With this cluster, the moment the load starts increasing rapidly (first time in the morning when clients start to connect), we are seeing continuous timeout and threading errors such as:
2025.10.13 08:31:56.514 ^[[32mINFO ^[[m [hz.openfire.cached.thread-248]: org.jivesoftware.openfire.session.RemoteSessionTask - An exception was logged while executing RemoteSessionTask to close session: LocalClientSession{address=204fda1d-0867-4781-85a9-7ea7e5936cee@xmpp.displaynote.com/I/5F3601E1F57AC2A2BE5E976DD537229D130B7155, streamID=373st5uxpw, status=CLOSED, isEncrypted=true, isDetached=false, serverName='xmpp.displaynote.com', isInitialized=true, hasAuthToken=true, peer address='168.254.25.129', presence='<presence from="204fda1d-0867-4781-85a9-7ea7e5936cee@xmpp.displaynote.com/I/5F3601E1F57AC2A2BE5E976DD537229D130B7155"><c xmlns="http://jabber.org/protocol/caps" hash="sha-1" node="https://github.com/qxmpp-project/qxmpp" ver="K3ag6SarEcZHRQXYiCJ4QixxRkE="></c><receiver-status xmlns="https://www.displaynote.com/ns/commands" receiver-platform="android" status="idle" version-tag="2.39.11"></receiver-status></presence>'}
java.util.concurrent.TimeoutException: null
at java.util.concurrent.FutureTask.get(FutureTask.java:204) ~[?:?]
at org.jivesoftware.openfire.session.RemoteSessionTask.run(RemoteSessionTask.java:162) ~[xmppserver-5.0.1.DNRC1.jar:5.0.1.DNRC1]
at org.jivesoftware.openfire.session.ClientSessionTask.run(ClientSessionTask.java:71) ~[xmppserver-5.0.1.DNRC1.jar:5.0.1.DNRC1]
at org.jivesoftware.openfire.plugin.util.cache.ClusteredCacheFactory$CallableTask.call(ClusteredCacheFactory.java:603) ~[hazelcast-5.5.0.1.jar:?]
at java.util.concurrent.FutureTask.run(FutureTask.java:317) ~[?:?]
at com.hazelcast.executor.impl.DistributedExecutorService$Processor.run(DistributedExecutorService.java:286) ~[hazelcast-5.5.0.jar:5.5.0]

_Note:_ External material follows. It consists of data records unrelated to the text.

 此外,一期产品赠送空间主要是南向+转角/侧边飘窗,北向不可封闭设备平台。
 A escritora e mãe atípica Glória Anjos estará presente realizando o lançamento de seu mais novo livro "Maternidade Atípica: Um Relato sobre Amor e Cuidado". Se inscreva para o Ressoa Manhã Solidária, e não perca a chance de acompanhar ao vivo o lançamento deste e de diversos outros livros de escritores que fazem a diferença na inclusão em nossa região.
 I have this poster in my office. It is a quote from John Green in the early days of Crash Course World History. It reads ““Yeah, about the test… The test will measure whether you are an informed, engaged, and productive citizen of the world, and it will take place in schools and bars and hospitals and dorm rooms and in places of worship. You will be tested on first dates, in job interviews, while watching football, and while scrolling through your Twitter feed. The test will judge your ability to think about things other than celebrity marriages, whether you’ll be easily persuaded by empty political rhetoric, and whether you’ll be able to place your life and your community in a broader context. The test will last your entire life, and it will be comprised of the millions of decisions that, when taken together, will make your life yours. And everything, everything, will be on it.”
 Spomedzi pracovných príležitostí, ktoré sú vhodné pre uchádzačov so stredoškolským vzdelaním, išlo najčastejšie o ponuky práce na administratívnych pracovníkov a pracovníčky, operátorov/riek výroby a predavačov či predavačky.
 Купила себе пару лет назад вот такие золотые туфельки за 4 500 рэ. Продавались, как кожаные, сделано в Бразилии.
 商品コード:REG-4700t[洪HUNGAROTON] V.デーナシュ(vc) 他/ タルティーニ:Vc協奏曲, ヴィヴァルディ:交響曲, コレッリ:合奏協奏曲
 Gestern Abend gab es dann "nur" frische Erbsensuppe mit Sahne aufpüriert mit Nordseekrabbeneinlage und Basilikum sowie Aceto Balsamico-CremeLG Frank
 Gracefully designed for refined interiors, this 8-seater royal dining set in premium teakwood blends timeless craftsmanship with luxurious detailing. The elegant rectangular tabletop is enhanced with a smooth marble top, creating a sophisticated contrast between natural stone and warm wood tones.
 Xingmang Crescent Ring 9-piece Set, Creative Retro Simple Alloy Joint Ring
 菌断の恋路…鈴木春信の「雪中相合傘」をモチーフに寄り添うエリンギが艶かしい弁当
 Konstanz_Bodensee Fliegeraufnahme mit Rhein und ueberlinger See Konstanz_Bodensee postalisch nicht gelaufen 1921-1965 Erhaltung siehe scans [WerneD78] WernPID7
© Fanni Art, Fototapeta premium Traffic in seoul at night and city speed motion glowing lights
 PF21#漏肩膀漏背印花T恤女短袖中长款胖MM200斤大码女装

at com.hazelcast.internal.util.executor.CachedExecutorServiceDelegate$Worker.run(CachedExecutorServiceDelegate.java:220) ~[hazelcast-5.5.0.jar:5.5.0]
at java.util.concurrent.ThreadPoolExecutor.runWorker(ThreadPoolExecutor.java:1144) ~[?:?]
at java.util.concurrent.ThreadPoolExecutor$Worker.run(ThreadPoolExecutor.java:642) ~[?:?]
at java.lang.Thread.run(Thread.java:1583) [?:?]
at com.hazelcast.internal.util.executor.HazelcastManagedThread.executeRun(HazelcastManagedThread.java:76) [hazelcast-5.5.0.jar:5.5.0]
at com.hazelcast.internal.util.executor.PoolExecutorThreadFactory$ManagedThread.executeRun(PoolExecutorThreadFactory.java:74) [hazelcast-5.5.0.jar:5.5.0]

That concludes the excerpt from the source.